THE RECRUIT, directed by Roger Donaldson, written by Roger Towne, Kurt Wimmer and Michael Glazer, 105 minutes, rated PG-13.

The new Roger Donaldson movie, “The Recruit,” stars Al Pacino as Walter Burke, a senior instructor at the Central Intelligence Agency who finds in young computer whiz James Clayton (Colin Farrell) the perfect recruit for the CIA.

Brilliant, brash and brooding, his 5 o’clock shadow as formidable and as abrasive as anything that ever clouded the jaw lines of Bruce Willis or Arnold Schwarzenegger, Clayton is Grade-A CIA stock – even if he doesn’t initially know it.

What he has going for him beyond his brains and his smoky espionage looks is his need for a father figure, which Burke immediately recognizes as he takes Clayton under his wing, lures him away from a potential job at Dell Computer and convinces him to become the CIA agent his father never was.

You know, the kind who doesn’t get killed in the line of duty, as Clayton’s dad was in 1990.

The film, from a script by Roger Towne, Kurt Wimmer and Michael Glazer, is slick entertainment that’s surprisingly restrained, initially forgoing the genre’s usual penchant for over-the-top explosions and chase scenes to focus on character, a welcome reprieve that serves to tighten the suspense.

The film complicates matters for Clayton when he agrees to take Burke up on his offer. Indeed, when Clayton is shipped to The Farm – the infamous CIA training facility in Virginia where spies aren’t hatched, but grown (and apparently bullied and bludgeoned) – he meets and falls hard for Layla (Bridget Moynahan), a hot-to-trot spy in the making who might not be who she seems. In fact, nobody here is ever what they seem, which Burke unfortunately reminds us a bit too often but which, nevertheless, is the point of these films.

To Donaldson’s credit, he makes “The Recruit” seem reasonably fresh and limber in spite of its plot holes and pat ending. When he eventually employs the conventions of the espionage thriller – such as car chases and gun fights – he doesn’t overdo it and, as a result, his movie doesn’t become a cartoon.

Especially good are the performances, which get to the heart of why “The Recruit” works as well as it does. Indeed, Pacino, Farrell and Moynahan all work to involve us emotionally in their characters. For instance, when Clayton and Layla fall for each other, you sense there’s something truly at

stake, which gives the film the same unexpected lift and depth that Matt Damon and Franka Potente enjoyed in the equally good “The Bourne Identity.”

Grade: B

On video and DVD

IGBY GOES DOWN, Written and directed by Burr Steers, 97 minutes, rated R.

Burr Steers’ “Igby Goes Down” is enough to make even the most troubled, dysfunctional group – like Saddam and his senate – seem fun and light-hearted in comparison.

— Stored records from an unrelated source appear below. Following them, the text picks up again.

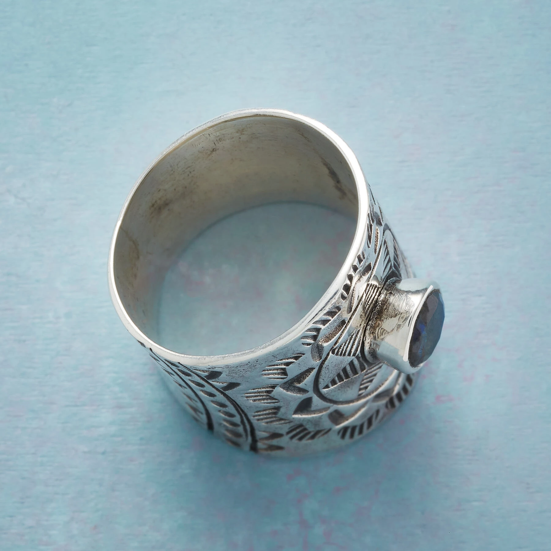 Starburst stampings oxidized for emphasis radiate from a center-set labradorite on a bold expanse of sterling silver. Handcrafted in whole sizes 5 to 10. 7/8″ tapers to 1/2″W.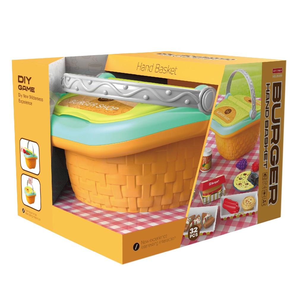 Koszyk piknikowy z akcesoriami. W zestawie kosz, plastikowe owoce, warzywa, mięso, pizza, burgery, buteleczki z przyprawami, naklejki. Łącznie 32 elementy.
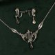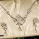 - 美国 Am Lee 品牌古董,纯银掐丝工艺镶莱茵石,宫廷风项链耳栓套组,含原厂盒装、品牌说明卡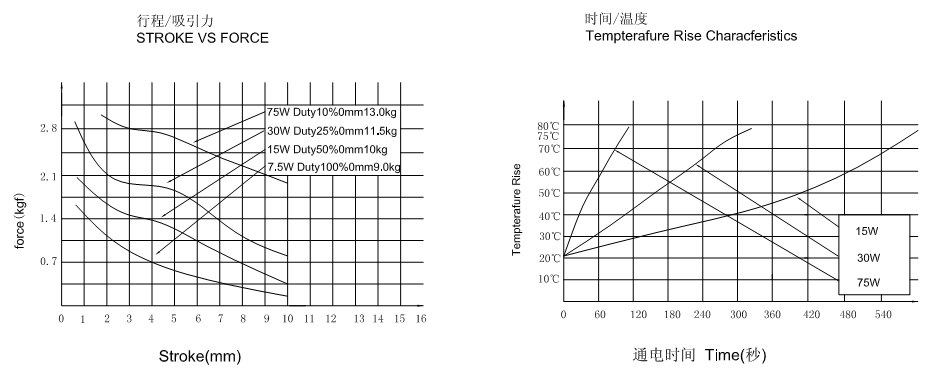 微型電磁鐵U1249的行程和力量曲線圖以及通電時間和溫升曲線圖: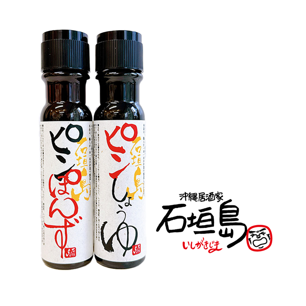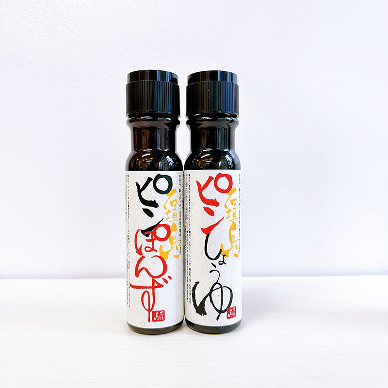 15年前、料理で使っている調味料を分けてほしい、そんなお客様のリクエストから商品化した当店オリジナル調味料の「石垣島のピンしょうゆ」「石垣島のピンぽんず」「石垣島のピン肉マン」です。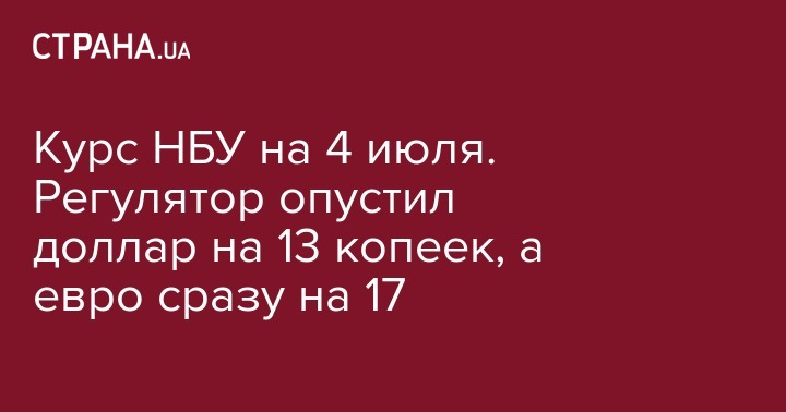 Кроме того, регулятор снизил курс евро на 17 копеек до 29,41 гривен за евро. Официальный курс евро на 4 июля установлен на уровне 2941,2439 гривни за 100 евро (-17,2486 грн).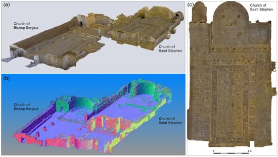 Byzantine churches: (a) 3D model of the two Churches in their actual spatial arrangement; (b) qualitative inclination map of walls where the colors indicate the direction of the surfaces; (c) High-resolution orthographic view of Saint Stephen’s mosaic floor obtained by integration of photogrammetric and laser scanning techniques. Modified by [50], copyright by the authors.

Just look at what it has to offer: a self-destructive, schizophrenic father locked away in a mental institution. An abusive, pill-popping mother so self-absorbed, she could double as a sponge. A high-living, heroin-addicted hooker who just wants to be loved.

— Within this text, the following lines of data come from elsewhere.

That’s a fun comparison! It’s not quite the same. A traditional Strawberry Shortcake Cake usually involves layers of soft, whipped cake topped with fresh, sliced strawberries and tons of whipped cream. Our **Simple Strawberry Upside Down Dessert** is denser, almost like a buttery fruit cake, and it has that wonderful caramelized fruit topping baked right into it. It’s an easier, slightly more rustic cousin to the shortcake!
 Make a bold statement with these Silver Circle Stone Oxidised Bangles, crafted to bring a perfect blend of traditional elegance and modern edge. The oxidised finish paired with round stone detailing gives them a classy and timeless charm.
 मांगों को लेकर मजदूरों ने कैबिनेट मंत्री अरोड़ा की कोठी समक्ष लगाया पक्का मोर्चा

At the center of it all is poor Igby Slocum (Kieran Culkin), a bright yet aimless 17-year-old boy whose biting wit is reminiscent of Salinger’s Holden Caufield, but who, you sense, has a bit more of a backbone.

The film, which is like “The Royal Tenenbaums” without the quirks, is caustic and dark – and often blisteringly funny. It’s also surprisingly moving and affecting, a movie about a shattered, upper-class family on hard times whose emotional wounds run so deep, they’ll likely never heal, so why bother trying to fix them? At least that’s Igby’s philosophy.

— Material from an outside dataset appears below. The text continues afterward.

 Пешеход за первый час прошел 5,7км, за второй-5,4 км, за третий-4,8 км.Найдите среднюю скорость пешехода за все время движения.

The film stars Susan Sarandon as Mimi Slocum, a hateful shrew who poisons her sons, Igby and the older Oliver (Ryan Phillippe), with the sort of love that inspires Igby to call her the Heinous One, apparently because “Medea was already taken.”

When Igby is kicked out of his umpteenth private school and becomes the official Slocum slacker, he decides he can’t bear his mother’s insults any longer and pushes to find a way out.

At a party in the Hamptons thrown by his sleazy godfather, D.H. (Jeff Goldblum), Igby befriends two women – the druggy society girl Rachel (Amanda Peet) and the down-to-earth Sookie Sapperstein (Claire Danes) – who help him to see his world for what it is so he can have the power to break free.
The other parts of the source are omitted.